Access to a well-endowed pear tree does require a certain creativity, and while last week’s five-spice pear chutney is getting a medium-high rating after a far-too-early taste test, it seemed sensible to ring the changes a little rather than making the same untried recipe twice.

But the recipes for pear-ginger jam, my want-to-do recipe for this weekend, were just all over the map. There was a preserve that called for seven cups of pear and one of sugar (how is that one going to set?), and there was one calling for four cups of pears and seven of sugar, which seemed like a recipe for sugar overload to me — the pears are ripe and they are already very sweet.

So I decided to improvise.

First ingredient was a bowl of somewhat small crabapples we gleaned from a Toronto roadside tree a week or so ago. They were not really red enough (or big enough) to make crabapple jelly, but I figured I could boil them with water and use that liquid to add a little kick and a crabapple pectin set. The rest of the recipe were based on the Bernadin cook book, but the changes were beyond a tweak.

Pear ginger jam sauce
1 cup crabapple liquid (which was what remained after simmering those babies with water for 40 minutes or so and then letting them drip in a jelly bag for a couple of hours.)
5 cups pears, peeled and finely chopped
2 tbsp lemon juice
1/4 cup of finely chopped ginger root
4 cups sugar (I think it was a little less than that in the end)
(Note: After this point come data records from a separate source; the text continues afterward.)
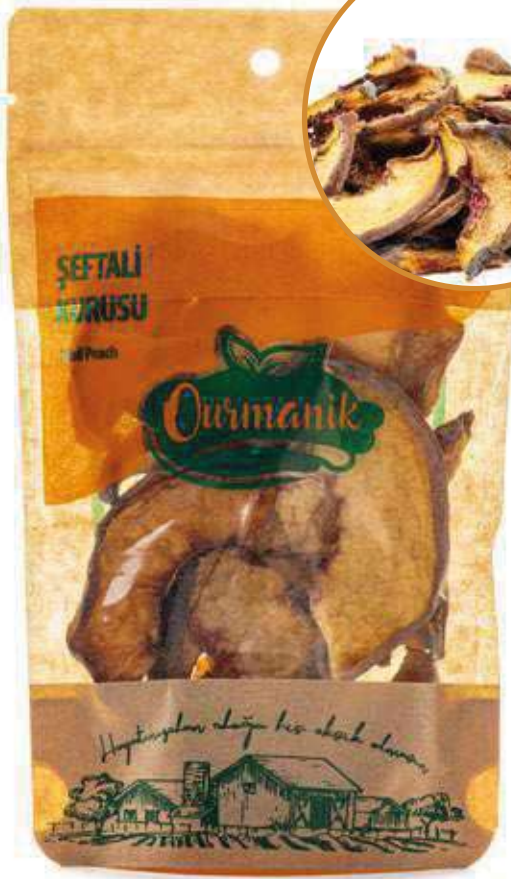
Şeftali Kuruşu Dried Peach
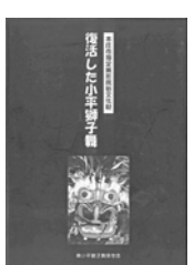
舞獅子保存会 小獅子舞復活 東編
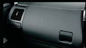
合成皮革インストルメントパネル(助手席側)
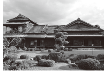
旧伊藤伝右衛門邸
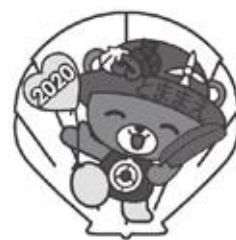
前回2020年のデザインです

審査では、採用作品賞1点及び入選5点以内を決定し、それぞれに賞状と、副賞として、採用作品賞1点にはQ U Oカード5千円分を、入選5点にはそれぞれQ U Oカード1千円分を贈呈させていただきます。
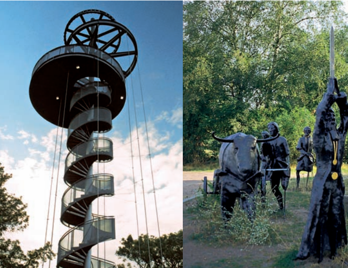
Aussichtsturm am Wingersberg Auf der Bulau: Keltische Begräbniszeremonie
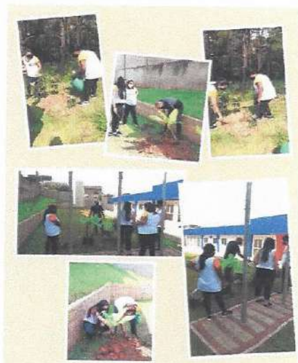
Dia da árvore - 21 de setembro
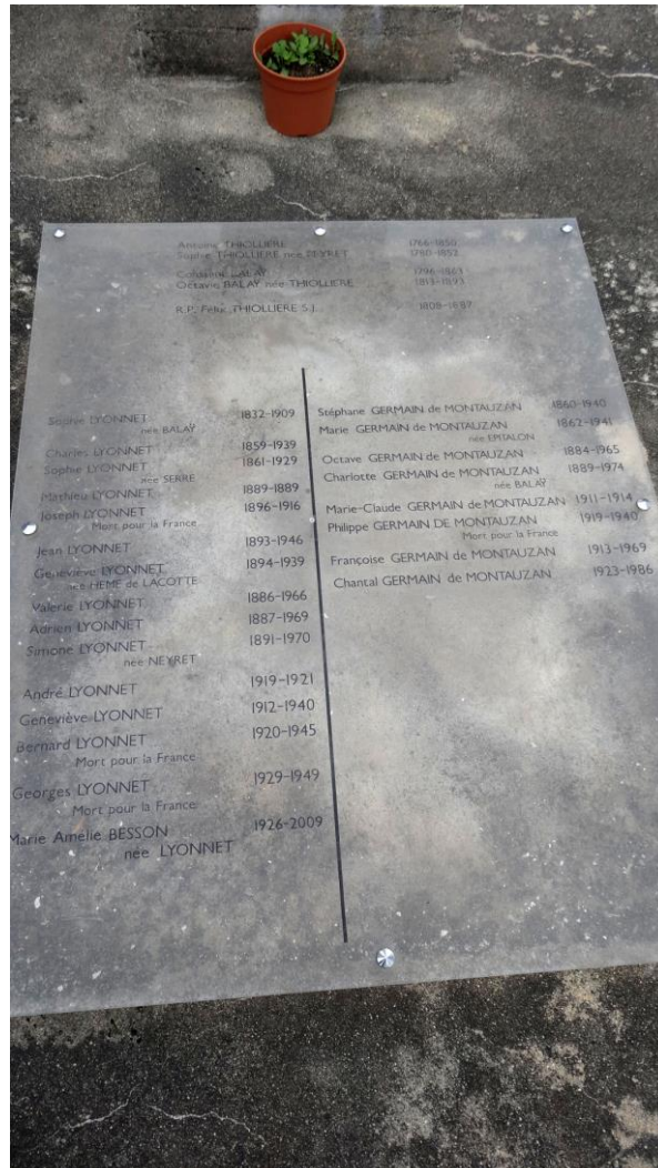
Les familles Balay - Thiollière - Epitalon- Serre - Lyonnet - Germain de Montauzan ici rassemblées : Le gotha de la bourgeoisie du textile stéphanois
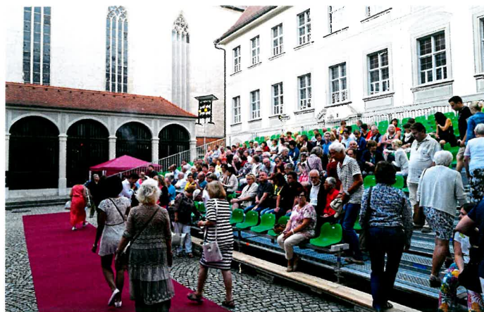
Bei den Residenzfestspielen im Innenhof der ehemaligen Fürstbischöflichen Residenz können die Besucher vier Eigenproduktionen sehen, darunter auch ein Stück für Kinder.

Die Residenzfestspiele Eichstätt im Innenhof der ehemaligen Fürstbischöflichen Residenz finden im Sommer 2020 zum zweiten Mal statt. Wie der künstlerische Leiter Dr. Marcel Krohn auf der Pressekonferenz am 21.11. bekannt gab, werden in der Zeit vom 26. Juni bis 9. August vier Eigenproduktionen zu sehen sein: Molières Komödie ‚Der eingebildete Kranke‘, die Polit-Satire ‚Make Germany great again!‘, ‚Der Großinquisitor‘ nach Fjodor Dostojewskij und für die Kinder ‚Hilfe, die Olchis kommen!‘
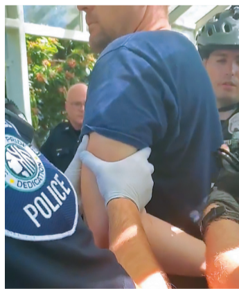
▲ 미국 시애틀 거리에서 성경을 낭독하다 체포된 노방 전도자.
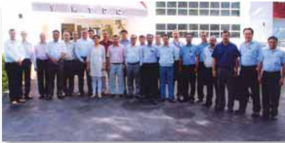
Training Programme on Project Management from 24 th to 28 th June 2013 conducted by Institute of Public Enterprise, Hyderabad for Executives (Grade D & above)
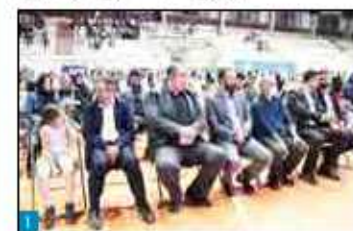
سرپرست اداره کل پست مازندران تاکید کرد؛
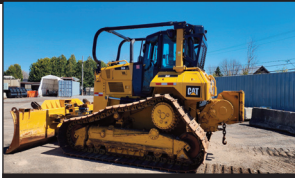
(2018) Caterpillar D6N LGP avec winch Paccar (5,575 hrs./ 1,500 hrs Idle)
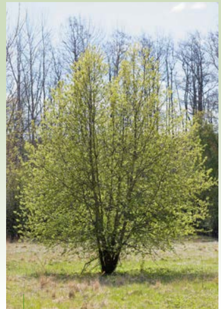
Blommande sälg på våren, den tidiga blomningen är första födan för många!

Sälg och viden är först ut att blomma på våren innan markerna grönskar och snöfläckar ännu ligger kvar. Hanbuskarna har starkt lysande gula ståndare och honbuskarna gulgröna pistiller. Sälgens protein- och energirika pollen och nektar är förrätten inför sommaren för nyväckta eller nykläckta humlor och bin. Här trivs även vanliga flugor, blomflugor, sumpflugor och hårmyggor bland blommorna tillsammans med skalbaggar. Sälgen är restaurang för massor av dagfjärilsarter som citronfjärilar, nässeljärilar och påfågelögon men även för många nattflyn. Den är helt enkelt bäst i klassen på att gynna insekterna!
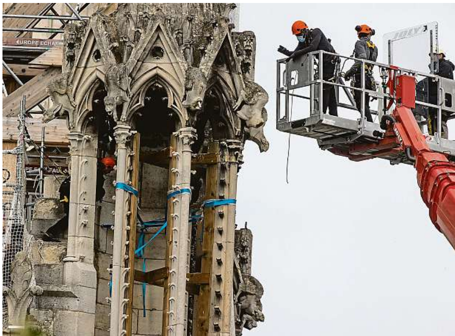
Práce na katedrále pokračují. Dělníci nyní odstraňují poškozené lešení.

Po příčinách požáru se stále pátrá. Nejpravděpodobnější příčinou se jeví elektrický zkrat nebo špatně uhašený cigaretový nedopalek. Podle vyšetřovatelů významný chrám nikdo nezapálil úmyslně. ČTK a MET
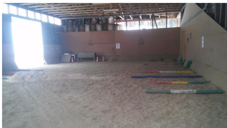
Obrázek 9. Krytá jízdárna
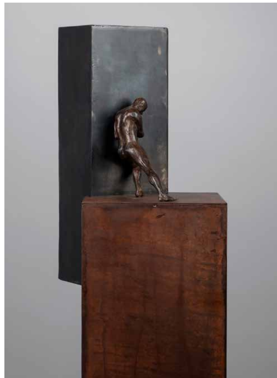
Empuje | Serie Empujes 2.0 | Bronce + Fierro | 2024
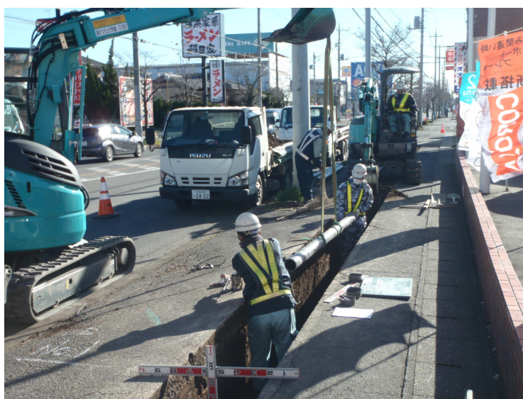
配水管工事 施工状況写真
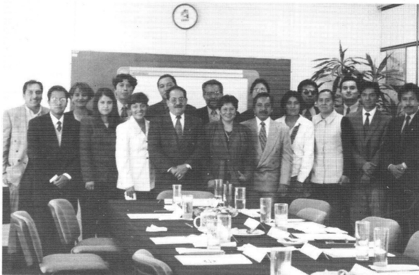
Alumnos, profesores y autoridades de ESIA Tecamachalco, demostraron profesionalismo y responsabilidad.

Durante la entrega de los dos proyectos, los funcionarios de Pemex destacaron que el Instituto Politécnico Nacional demostró "que si un frente no puede avanzar, existe una escuela hermana que responde a los retos y que continúa hasta llegar a la meta, demostrando que autoridades, alumnos y maestros están dispuestos a dar más
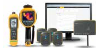
Caméra thermique Fluke Ti450, testeur de vibrations Fluke 805 FC, surveillance d'état Fluke
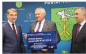
Czek dla Gminy Batorz (II nabór)

Cook pears with crabapple liquid and lemon juice for 10 minutes until they are pretty soft. Add sugar and bring to rolling boil until it sets. That took about another 10 minutes. Bottle in clean, sterilized jars. Seal and water bath for 10 minutes.

The result. Four jars of a golden jam sauce with chunks of paler pear. It’s sweet, with a strong pear taste and a definite ginger kick.

Did I ever say how much I like ginger?

But it’s also several notches notch too runny, almost a syrup rather than a jam. Maybe I didn’t boil the crabapples long enough, or let them drip all the pectin out of the pulp before I got bored and started cooking the jam. Or maybe the set I thought I got when I drizzled some onto a cool saucer wasn’t really a set at all.

Let’s call this a pear, ginger sauce, all ready for pancakes or ice cream.

Ratings:
Pear ginger jam sauce: 3 (out of 5). It gets five out of five for taste, loses two for being a sauce rather than a jam.

Pear five-spice chutney: 3-1/2 (out of five). Points for taste, color and texture, but this one is a couple of notches too sweet.

Anyone want a jar of pear ginger syrup/sauce?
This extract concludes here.